• Records for this exercise:

• • •

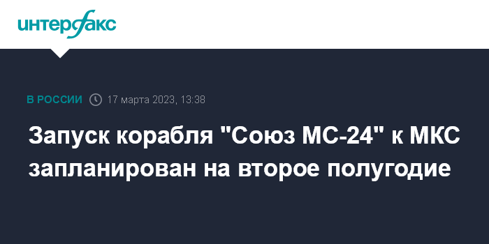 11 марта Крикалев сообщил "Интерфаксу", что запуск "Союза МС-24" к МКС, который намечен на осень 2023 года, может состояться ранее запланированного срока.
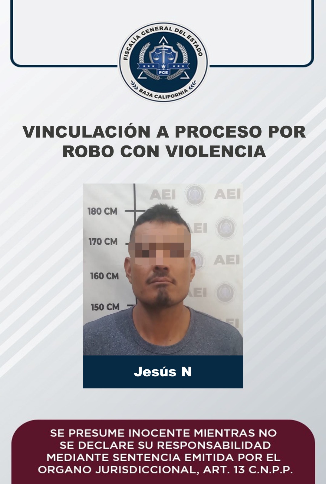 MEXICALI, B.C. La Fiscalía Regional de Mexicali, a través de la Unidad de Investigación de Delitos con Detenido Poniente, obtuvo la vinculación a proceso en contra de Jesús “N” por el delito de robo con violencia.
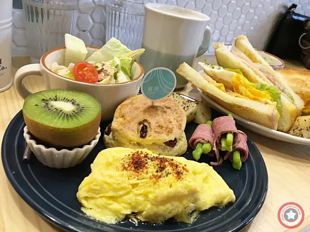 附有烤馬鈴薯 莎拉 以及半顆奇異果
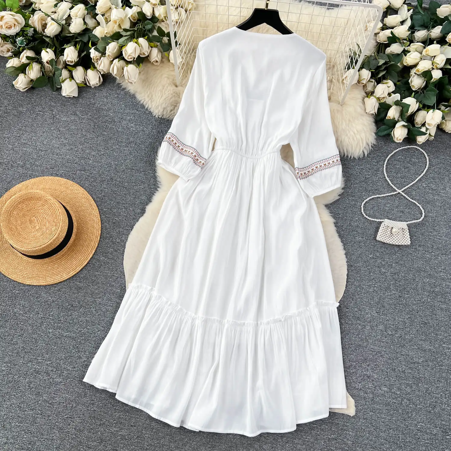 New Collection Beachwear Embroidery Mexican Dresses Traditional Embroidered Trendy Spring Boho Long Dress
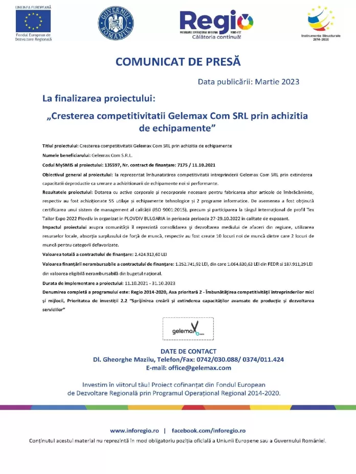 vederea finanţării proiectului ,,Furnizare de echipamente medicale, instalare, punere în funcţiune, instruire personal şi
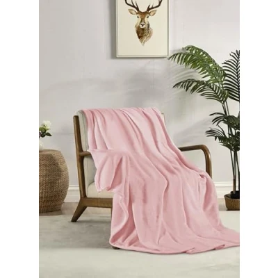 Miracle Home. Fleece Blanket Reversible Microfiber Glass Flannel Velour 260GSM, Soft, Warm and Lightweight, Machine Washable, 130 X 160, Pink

• • •

• Directions for this task:
Take the lines above from the top of the records through the one with "附有烤馬鈴薯 莎拉 以及半顆奇異果" and repeat them exactly, without any pictures.

• Response:
 11 марта Крикалев сообщил "Интерфаксу", что запуск "Союза МС-24" к МКС, который намечен на осень 2023 года, может состояться ранее запланированного срока.
 MEXICALI, B.C. La Fiscalía Regional de Mexicali, a través de la Unidad de Investigación de Delitos con Detenido Poniente, obtuvo la vinculación a proceso en contra de Jesús “N” por el delito de robo con violencia.
 附有烤馬鈴薯 莎拉 以及半顆奇異果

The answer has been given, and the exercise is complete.